LSI 9260-4i support was removed completely in ESXi 7.0 due to VMKLinux kernel API deprecation. Adding PCI IDs to lsi_mr3 does not help. However, you can passthrough these cards to a Linux VM, in my case Ubuntu 20.04 server, set up an iSCSI target there and export it back to ESXi. I was able to achieve decent performance with this setup with some 250MB/sec rates on these volumes. You can also pass the Realtek card in there and create a complete NAS VM visible from outside. MegaCLI works as a charm.

LSI 9265-8i should work with ESXi 7.0 as its PCI IDs are listed for lsi_mr3 driver and in fact 9265-8i was addded to lsi_mr3 native driver just with the release of 6.7u3. In fact, 9265-8i is on the list of unsupported devices not removed from the driver for which removal is scheduled in the next release of ESXi. I'll update this in a couple of weeks as I would make progress with the main server.

Part III: ESXi 6.7u3

Processors with E-cores should have all of them disabled in BIOS, otherwise ESXi kernel will PSOD. 

Most of 6.7 releases including vanilla 6.7u3 would hang after initial module loading prior to yellow startup screen with the dreaded Shutting down firmware services... Using 'simple offset' UEFI RTS mapping policy message. If your machine has PCIe graphics card this could be avoided by using it, otherwise it appears that installer shots the video in the head, as installer actually progresses further in headless mode, but no video output is displayed. This is fixed in some point release after 6.7u3, in my case ESXi670-202201001-standard.zip does work without this problem.

Intel VMD should be disabled completely in BIOS, otherwise the kernel will PSOD during module initialization with NOT_IMPLEMENTED bora/vmkernel/hardware/pci/pci.c:414 exception. 

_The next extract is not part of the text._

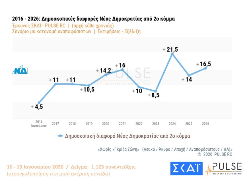 Από τα στοιχεία προκύπτει ότι το σημερινό προβάδισμα των 16,5 μονάδων στην εκτίμηση ψήφου είναι το δεύτερο μεγαλύτερο από το 2016, όταν ο Κυριάκος Μητσοτάκης εξελέγη πρόεδρος της ΝΔ. Η μεγαλύτερη διαφορά είχε καταγραφεί το 2024.

Intel I-219V network controller seems to exist in a whole bunch of flavors, the particular one  [8086:1a1d] on Asrock board is not supported by inbox ne1000 driver and adding PCI IDs won't help either. There was, however, a significant effort on behalf of VMware to satisfy requests of the Intel NUC community for a network drivers for some newer NUC models, traces of which could be found here: ESXi on Intel NUC 10 (Frost Canyon). There are no sings of driver for 6.7 on that page, and the author ignores necro-comments that request it just as any blogger would do :).

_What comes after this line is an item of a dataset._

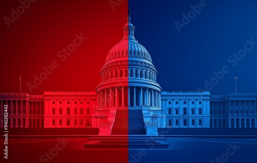 capitol, us, america, election, candidate, rally, symbolism, leadership, illustration, red, blue, political, division, contrast, government, politic, cleaving, balance, power, congress, democracy, night, patriotism, building, architecture, symmetry, polarization, party, national, capital, landmark, vibrant, symbolic, iconic, federal, representation, skyline, night view

The Internet remembers everything though, so given the filename and some google-fu skills I was able to retrieve it from the depths of Baidu and here it is: Intel-NUC-ne1000_0.8.4-3vmw.670.0.0.8169922-offline_bundle-16654787.zip 

With the above driver integrated into ESXi670-202201001-standard.zip profile the system will boot and install without issues. VLANs do work and no network issues were discovered.

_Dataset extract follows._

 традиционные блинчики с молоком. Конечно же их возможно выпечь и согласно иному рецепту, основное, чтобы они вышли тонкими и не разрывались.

There's a Realtek RTL8125 driver for 6.7 available here, you can find binary modules of this elsewhere on the Net, but it lacks VLAN support.

LSI 9260-4i as well as LSI 9265-8i work with ESXi 6.7u3 natively with inbox driver within standard distribution. Performance is within expected limits for cache with BBU, up to 300MB/sec. I have confirmed 6.7u3 could boot off 9260-4i RAID-1 volume on this platform in UEFI mode with no issues at all.